Master Foo parked that potentially interesting like of thought to attend to his now arrived visitors.

"Good morning Master Foo," a spokesperson for the group said. "If you have a moment, we wish to ask your opinion about these two open XML-based formats for document interchange. We have full print-outs of the specifications in this wheelbarrow we have pushed up Pentementi Mountain. We know that you can read and retain entire volumes of information by just flicking the pages and we thought perhaps we would go get a cup of green tea while you read through the few thousand pages ... Basically, we would like to know your opinion as to which is better."

"I do not need to read them," Master Foo announced as he re-arranged the Mei flowers that adorned either side of his laptop monitor.

"Ah, great," said the spokesperson gesturing to the sweat covered wheelbarrow pusher to retreat, so you have already read them? That is great because I have an 8:30 downtown and it would be really excellent if I had the answer for that meeting.

"I have not read them," replied Master Foo.

"Then how do you know that they are wrong?"

"Interchange" is not an attribute of an English language specification. The concept of interchange - the ready ability to move information from one place to another - does not work like that in the general case. It is like the blue of the sky or the sound of a sea wave. It cannot be separated from its environment without destroying it."

"I'm afraid I do not follow Master Foo," the spokesman said.

"Open one of the pages of the specification at random," instructed Master Foo.

The spokesperson rummaged through the wheelbarrow and opened one volume at a random page.

"Now what do you see?" asked Master Foo.

"I see XML tags and attributes with text that describe what the tags and attributes mean."

"That is not what you see at all," proffered Master Foo.

"Yes it is! It says here...," said the exasperated spokesperson.

"Ask yourself this question," Master Foo intoned raising his hand to thwart objections. "Of the myriad of XML elements and attributes in one of those specifications, how many permutations and combinations are possible?"

"Lots. Millions I guess," said the spokesperson.

"Beyond millions," said Master Foo. "An uncountable number of permutations and combinations. Where is the meaning of each of these combinations specified?"

"Um...," said the spokesperson, absentmindedly stroking the Bluetooth gadget in his ear.

"It is not specified in the specifications," intoned Master Foo. "It exists in one place and one place only. That is, in the source code of the application that processes the myriad of combinations. Any other attempts at capturing what the combinations mean are, at best gross over simplifications and at worst, completely wrong."

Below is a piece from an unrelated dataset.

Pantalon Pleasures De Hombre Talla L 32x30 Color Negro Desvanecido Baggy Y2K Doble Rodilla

Master Foo arose from his lotus position and adopted a Single Whip Tai Chi posture. "A fully accurate specification," he continued, "for any interchange format can only be written down if what you write down is precisely the source code for the reference implementation of that specification."

The spokesperson ripped the Bluetooth ear-piece out of his ear in frustration. "But the whole point of a specification," he began, "is to try to make information interchangeable without relying on the exact source code of any particular implementation!"

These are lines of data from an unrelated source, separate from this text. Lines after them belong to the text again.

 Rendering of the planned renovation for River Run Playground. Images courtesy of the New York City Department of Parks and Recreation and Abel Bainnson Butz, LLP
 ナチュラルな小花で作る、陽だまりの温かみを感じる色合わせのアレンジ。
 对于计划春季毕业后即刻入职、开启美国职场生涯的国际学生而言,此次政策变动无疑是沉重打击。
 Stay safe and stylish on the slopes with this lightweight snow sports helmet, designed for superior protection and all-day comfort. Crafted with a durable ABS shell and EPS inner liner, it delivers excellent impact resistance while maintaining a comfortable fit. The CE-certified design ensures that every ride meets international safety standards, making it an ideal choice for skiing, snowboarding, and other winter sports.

"Precisely so," replied Master Foo. "A laudable goal but one that is beyond the current state of the art. It is simply not possible to specify with words and formulas and diagrams exactly what running software should do. The only comprehensive, unambiguous way to do that is through source code itself."

"This is troubling," said the spokesperson, looking to his comrades for support and encouragement.

"It gets worse I'm afraid," said Master Foo. Even if the specification was precisely the source code for a reference implementation, that would not do the trick either.

"Why not?"

"Because the word 'interchange' means different things to different people. A common interpretation is that a document that fills, say, 12 US legal pages at source should print out creating an identical set of 12 US pages once interchanged. Fonts would appear the same. Lines would break at the same points. Page boundaries would occur at the same points and so on."

"Yes! That is what I personally mean by 'interchange,'" said the spokesperson. "I thought getting an XML-based interchange format agreed internationally would do that for our industry."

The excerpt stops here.